Liberty Fund, Inc. is a private, educational foundation established to encourage the study of the ideal of a society of free and responsible individuals.


History: The Master ‘Science’ of Human Knowledge

Judith N. Shklar

  • Harvard University

“Jean d'Alembert and the Rehabilitation of History.” Journal of the History of Ideas 42 (October–December 1981): 643–664.

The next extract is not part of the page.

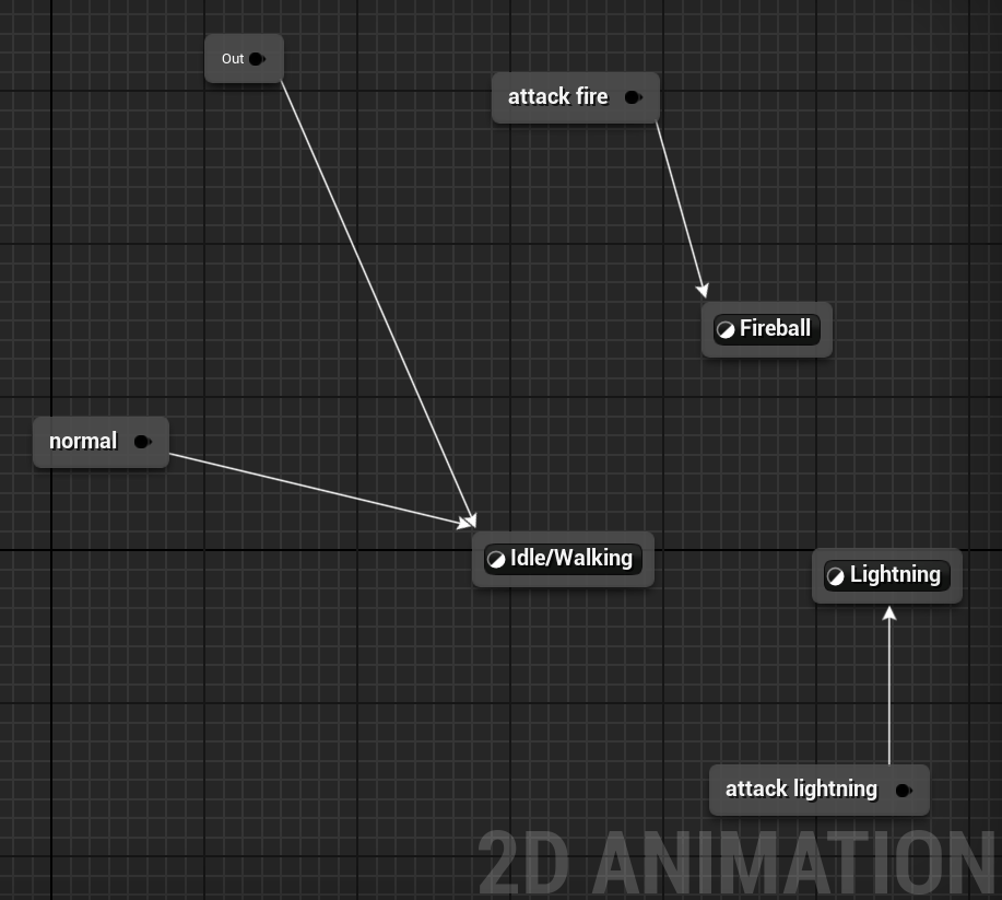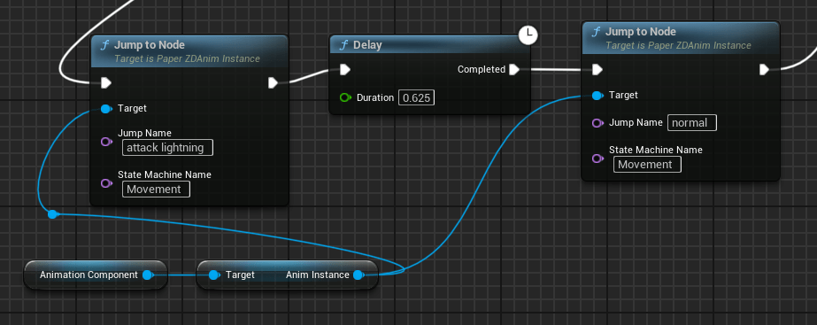 I swapped out the sprites in Unreal and did some testing and found I was annoyed by the way the animation override made the animation run it them look poor and reduced immersion. As planned I returned to the state machine and the idea of jumps. I learnt that I was calling the jumps wrong and I should be calling them in the player blueprint instead of the animation blueprint. I could now get the player blueprint to call the animation of click was still struggling to get the animation to stop playing. In the end I added a delay of the animation length after I called the attack jump and then added a second jump to return to the normal state. I applied this logic to both attack and it looked a lot cleaner and smooth.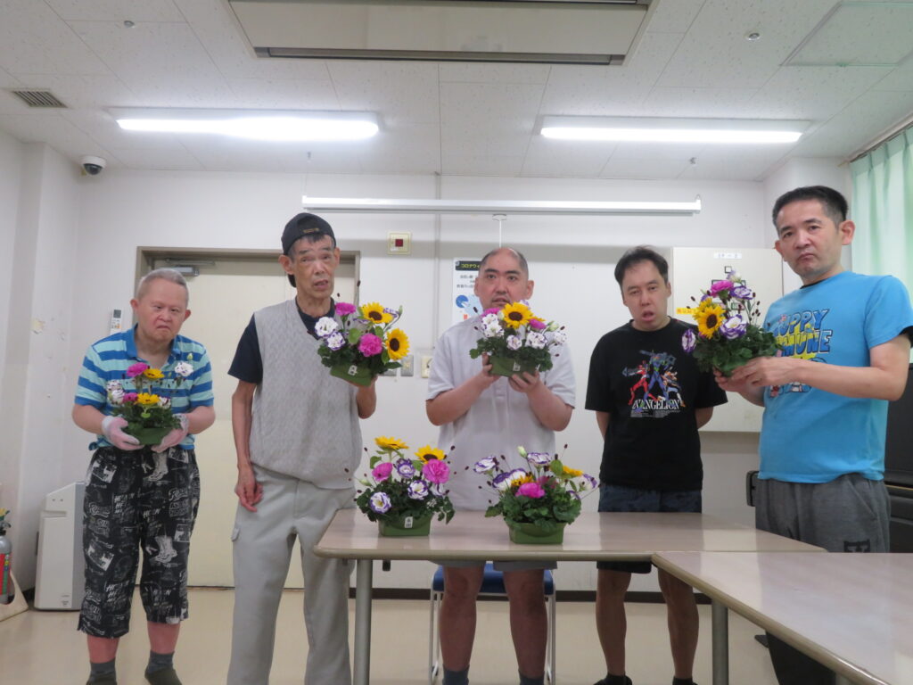 創作活動 2025年9月フラワーアレンジ教室 2025.09.18 花の里フラワーアレンジメント教室は、市内在住の具志堅先生をお迎えし開催しています。具志堅先生はフレンチ、ドイツスタイルを主流としておられます。 今月の花材 ひまわり(黄) カーネーション(濃ピンク) トルコキキョウ ワレモコウ ポリシャス 一覧にもどる

One of the crucial problems of Enlightenment thought was to rehabilitate the discredited status of history by establishing it as a justifiable form of knowledge among the valid sciences. Descartes' and Locke's skeptical doubt and empirical polemic against uncertain forms of knowledge had raised epistemological and moral puzzles which discredited the certainty and usefulness of traditional history. Jean d'Alembert (1717–1783), mathematician, scientist, and co-editor of Diderot's Encyclopédie restored history to a more dignified position in the world of learning than any it had occupied for over a century. Writing biographical obituaries (the éloges) in his capacity as the permanent secretary of the Académie Francaise, tracing the history of ideas in his Encyclopédie articles, and reflecting on the role of history as an epistemological master science in organizing a science of the human mind across time, d'Alembert formulated an intellectually scrupulous and balanced position, among the philosophes, on the scope and limits of a rehabilitated science of history.

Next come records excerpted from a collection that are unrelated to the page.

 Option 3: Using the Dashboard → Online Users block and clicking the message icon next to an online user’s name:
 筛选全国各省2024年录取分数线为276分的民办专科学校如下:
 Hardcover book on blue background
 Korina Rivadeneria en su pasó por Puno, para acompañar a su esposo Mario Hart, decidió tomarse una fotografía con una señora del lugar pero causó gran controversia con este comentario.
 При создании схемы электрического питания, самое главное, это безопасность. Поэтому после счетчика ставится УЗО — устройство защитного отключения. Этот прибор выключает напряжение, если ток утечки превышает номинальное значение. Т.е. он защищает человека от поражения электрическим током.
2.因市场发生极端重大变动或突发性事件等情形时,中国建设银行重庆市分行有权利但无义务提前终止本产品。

D'Alembert synthesized Voltaire's skeptical approach to history (inherited from Locke's cautious empiricism), Fontenelle's view of history as the glorification of scientific progress, and Montesquieu's commonsensical conjectural history in defense of liberal values. By d'Alembert's rigorous standards of geometrical certitude, history fell short of the epistemological standards of the mathematical sciences, yet it played an essential political and moral role in liberating man from the tyranny of politics and superstition. The liberal philosophes, thought d'Alembert, needed to be reminded of the relative inexactitude and imperfection of history as a form of knowledge in their polemical uses of history against tyranny. In addition, d'Alembert was wary of treating probable knowledge (as in Condorcet's faith in a new mathematicized calculus of probabilities to be used in moral, social, or political decision-making). D'Alembert's critique of a social calculus of probabilities was motivated by the illiberal uses to which such a posturing pseudo-science must be put. Against other philosophes he dissented as to the superior social utility of making inoculation against smallpox compulsory. In such non-scientific social applications, which lacked mathematical certainty, he argued against compulsion and for the individual right of opinion and choice.

D'Alembert's ruminations on the intellectual status of history as an organizing, active force in establishing and recalling the interconnections among the sciences and human action in general led him finally to view history as a master science which surveyed and unified human knowledge.